→ Assigned task: Reproduce the data that follows character for character, but omit its pictures.

→ The data:
****************************************
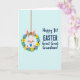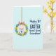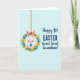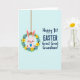 This card features a light pink long-eared bunny centered inside a circular wreath of yellow and blue flowers with green leaves, hanging from a simple cord, with a gentle springtime look 🌷. The bunny’s wide dark eyes, tiny red nose, and softly blushed cheeks give it a sweet, friendly presence, like it’s gazing out with quiet affection 🐰. A bright blue bib-like shape sits on its chest, adding a strong color accent against the pale pink fur. The background is an even sky-blue field that keeps the scene calm and airy. On the right side, a large dark blue message is arranged in flowing lettering, taking up most of the open space beside the wreath. Smaller supporting words sit near it in the same dark blue, aligned neatly to read as a first-year spring holiday greeting. The floral ring shows rounded petals in sunny yellow and cool blue, with leaf clusters tucked between blossoms and a thin hanging cord drawn above.
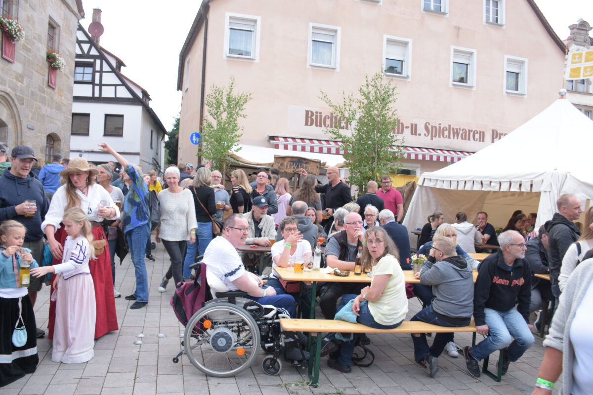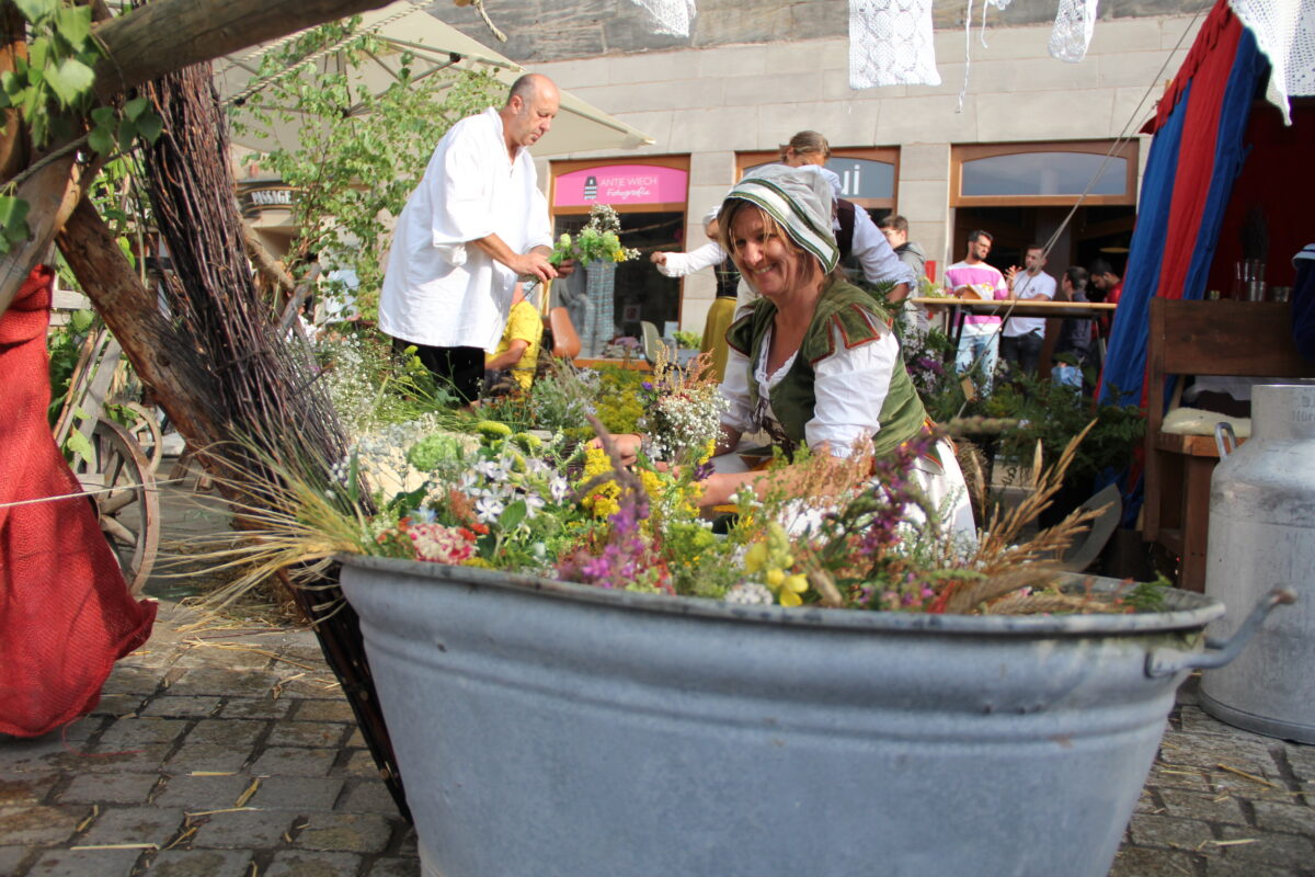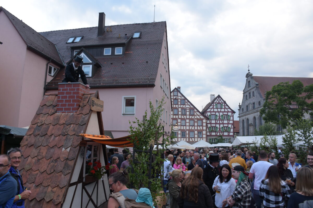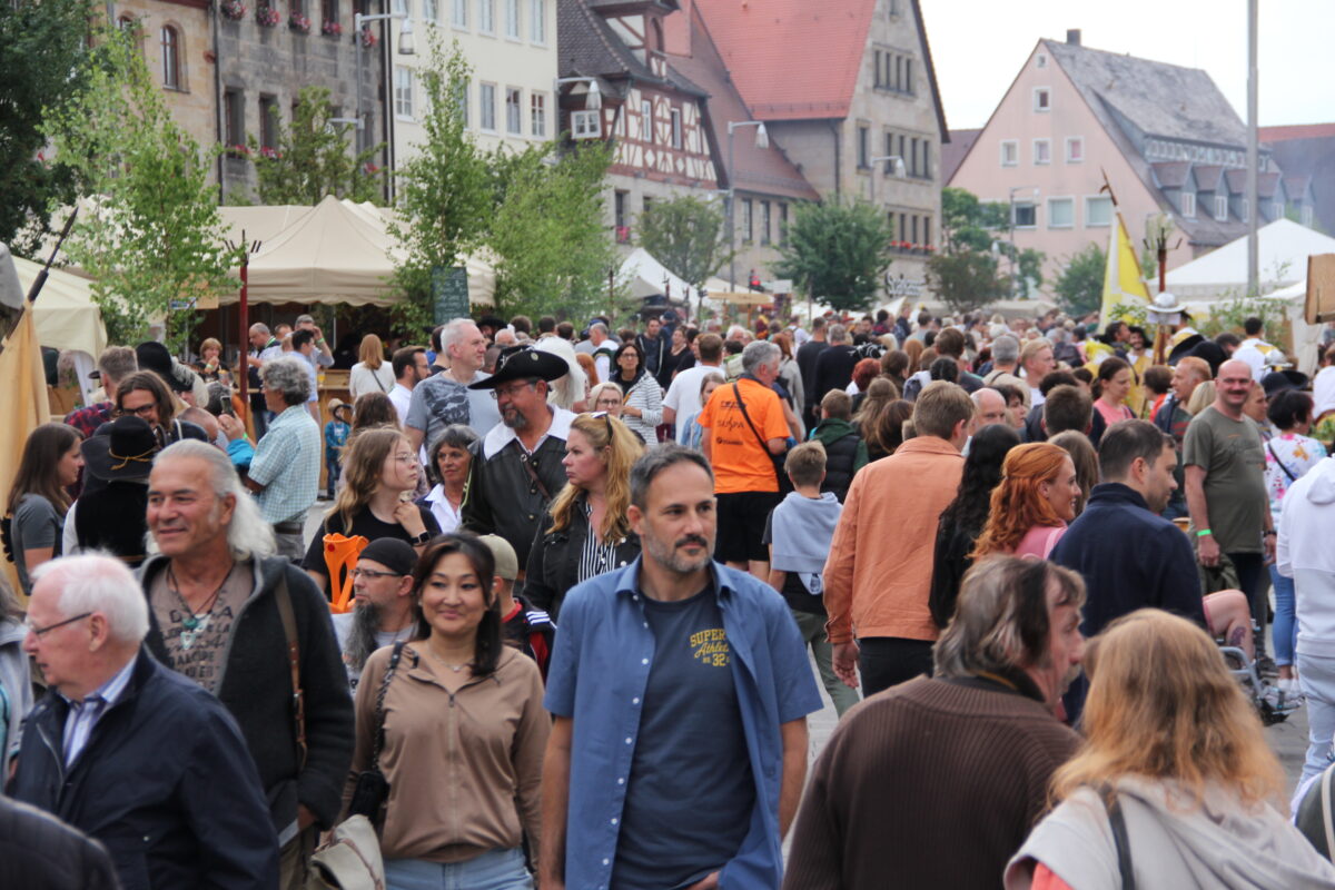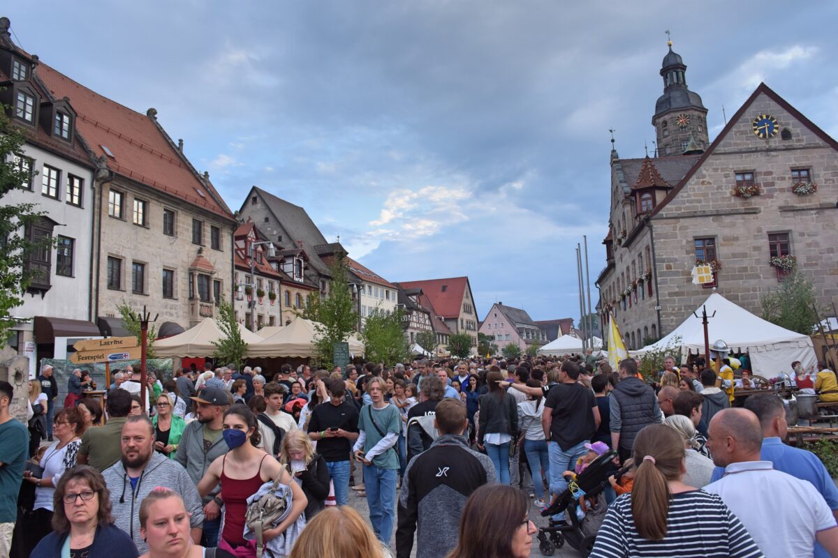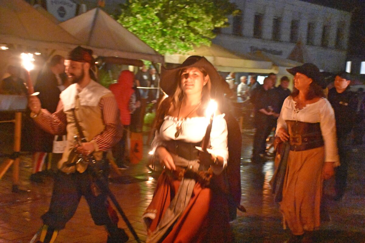 Die lange Nacht am dritten Samstag der Wallenstein-Festspiele zog ab Nachmittag zahlreiche Besucher mit Kindern und abends die Nachteulen an. Schon lange bevor es dunkel wurde, strömten die Menschen beim historischen Lagerleben durch die Altdorfer Innenstadt. Zusätzlich zum Gaukler-Treiben, das an diesem Tag bis drei Uhr in der Nacht ging, baute auch der Altdorfer Handwerker- und Gesellenverein seine Hütten auf dem Schlossplatz auf. Als dann die Sonne hinter dem Horizont versank, verliehen die Auftritte der Feuerkünstler, Gaukler, Barden und Akrobaten dem Abend eine magische Stimmung. Dazu waren die Zelte der einzelnen Lager mit Fackeln und Feuern erleuchtet und die Straßenlaternen ausgeschaltet.
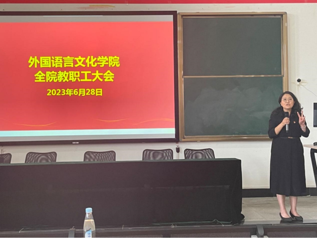 会上,王英院长再次向全院教职工逐一解读了学校下达给学院的“双一流”创建三年行动计划的22个核心指标任务,其中一流师资队伍建设3个、一流人才培养12个、一流科学研究2个、一流贡献1个、一流国际交流合作4个,以及涉及全校本科学生的大学英语四、六级通过率、考研英语成绩的提升以及研究生公共英语教学质量提升等指标任务。她希望全院职工紧紧围绕学校“双一流”创建,聚焦核心指标任务共同努力,经过三年的拼搏奋斗,实现学院在全校、全省乃至全国外语学科建设地位的稳步提升。
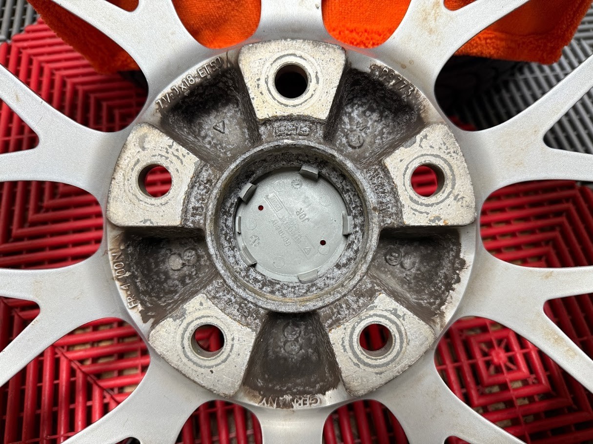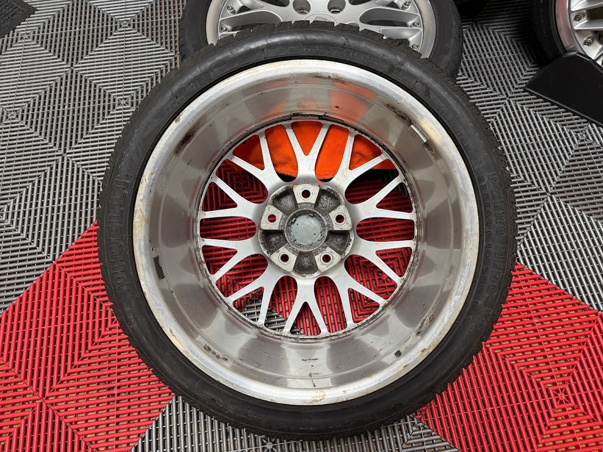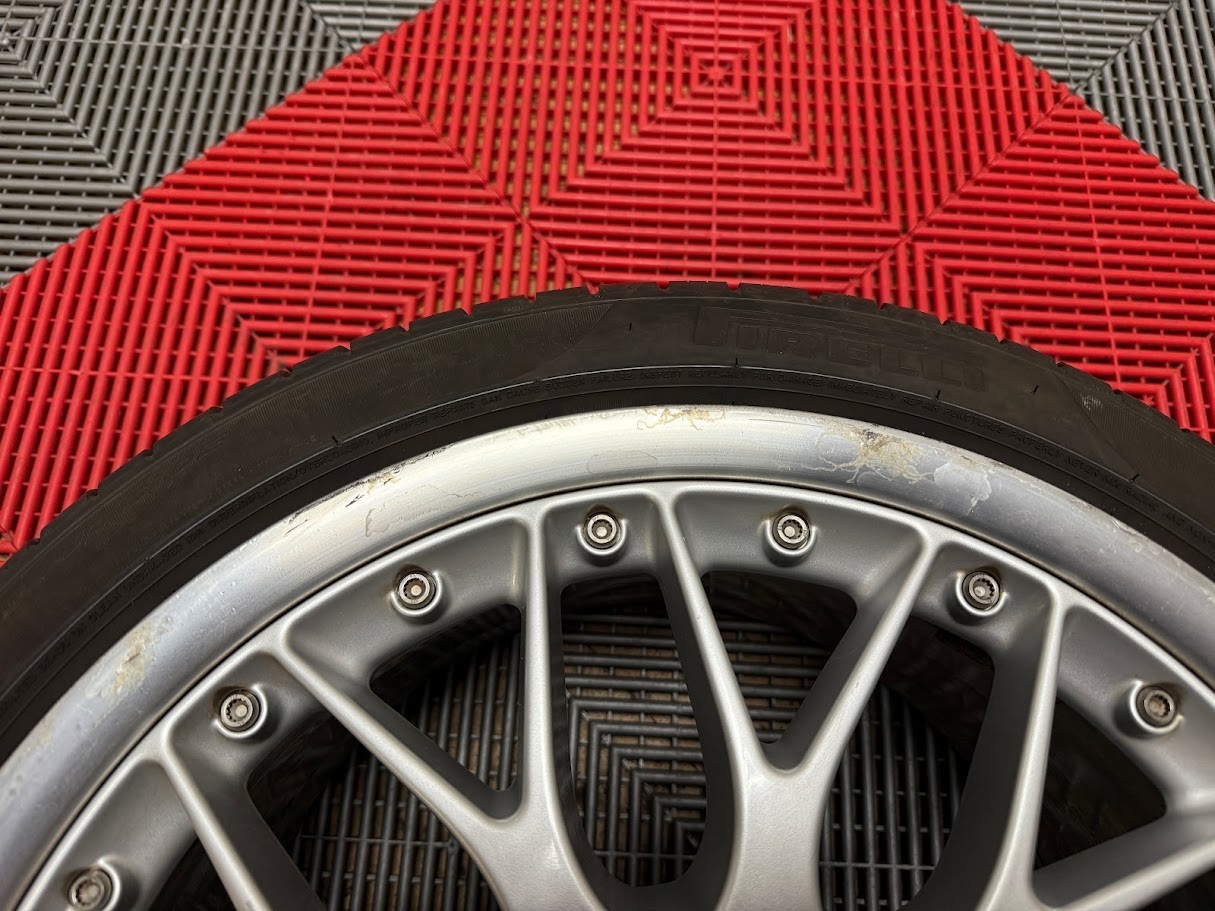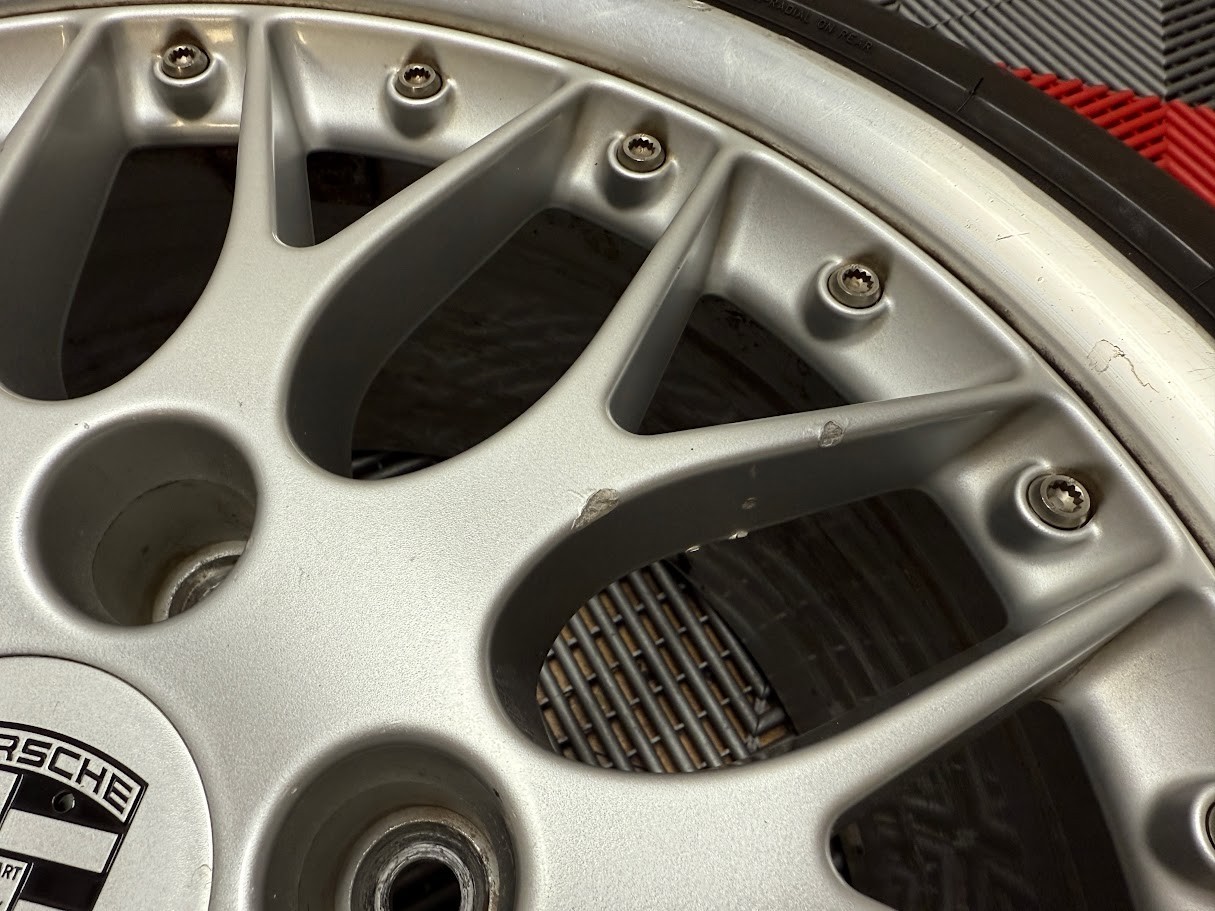 Cosmetically, wheels are in fair condition - about a 7.5/10 overall. Wheels have not been previously refinished, but there are some areas where curb rash has previously been blended and smoothed out. Wheel lips in particular show some oxidation, flaking and chipping in the finish. Faces have some scuffs, scratches and chips. Some brake dust and dirt residue on the inner wheel barrels.
****************************************
→ Response box:
 This card features a light pink long-eared bunny centered inside a circular wreath of yellow and blue flowers with green leaves, hanging from a simple cord, with a gentle springtime look 🌷. The bunny’s wide dark eyes, tiny red nose, and softly blushed cheeks give it a sweet, friendly presence, like it’s gazing out with quiet affection 🐰. A bright blue bib-like shape sits on its chest, adding a strong color accent against the pale pink fur. The background is an even sky-blue field that keeps the scene calm and airy. On the right side, a large dark blue message is arranged in flowing lettering, taking up most of the open space beside the wreath. Smaller supporting words sit near it in the same dark blue, aligned neatly to read as a first-year spring holiday greeting. The floral ring shows rounded petals in sunny yellow and cool blue, with leaf clusters tucked between blossoms and a thin hanging cord drawn above.
 Die lange Nacht am dritten Samstag der Wallenstein-Festspiele zog ab Nachmittag zahlreiche Besucher mit Kindern und abends die Nachteulen an. Schon lange bevor es dunkel wurde, strömten die Menschen beim historischen Lagerleben durch die Altdorfer Innenstadt. Zusätzlich zum Gaukler-Treiben, das an diesem Tag bis drei Uhr in der Nacht ging, baute auch der Altdorfer Handwerker- und Gesellenverein seine Hütten auf dem Schlossplatz auf. Als dann die Sonne hinter dem Horizont versank, verliehen die Auftritte der Feuerkünstler, Gaukler, Barden und Akrobaten dem Abend eine magische Stimmung. Dazu waren die Zelte der einzelnen Lager mit Fackeln und Feuern erleuchtet und die Straßenlaternen ausgeschaltet.
 会上,王英院长再次向全院教职工逐一解读了学校下达给学院的“双一流”创建三年行动计划的22个核心指标任务,其中一流师资队伍建设3个、一流人才培养12个、一流科学研究2个、一流贡献1个、一流国际交流合作4个,以及涉及全校本科学生的大学英语四、六级通过率、考研英语成绩的提升以及研究生公共英语教学质量提升等指标任务。她希望全院职工紧紧围绕学校“双一流”创建,聚焦核心指标任务共同努力,经过三年的拼搏奋斗,实现学院在全校、全省乃至全国外语学科建设地位的稳步提升。
 Cosmetically, wheels are in fair condition - about a 7.5/10 overall. Wheels have not been previously refinished, but there are some areas where curb rash has previously been blended and smoothed out. Wheel lips in particular show some oxidation, flaking and chipping in the finish. Faces have some scuffs, scratches and chips. Some brake dust and dirt residue on the inner wheel barrels.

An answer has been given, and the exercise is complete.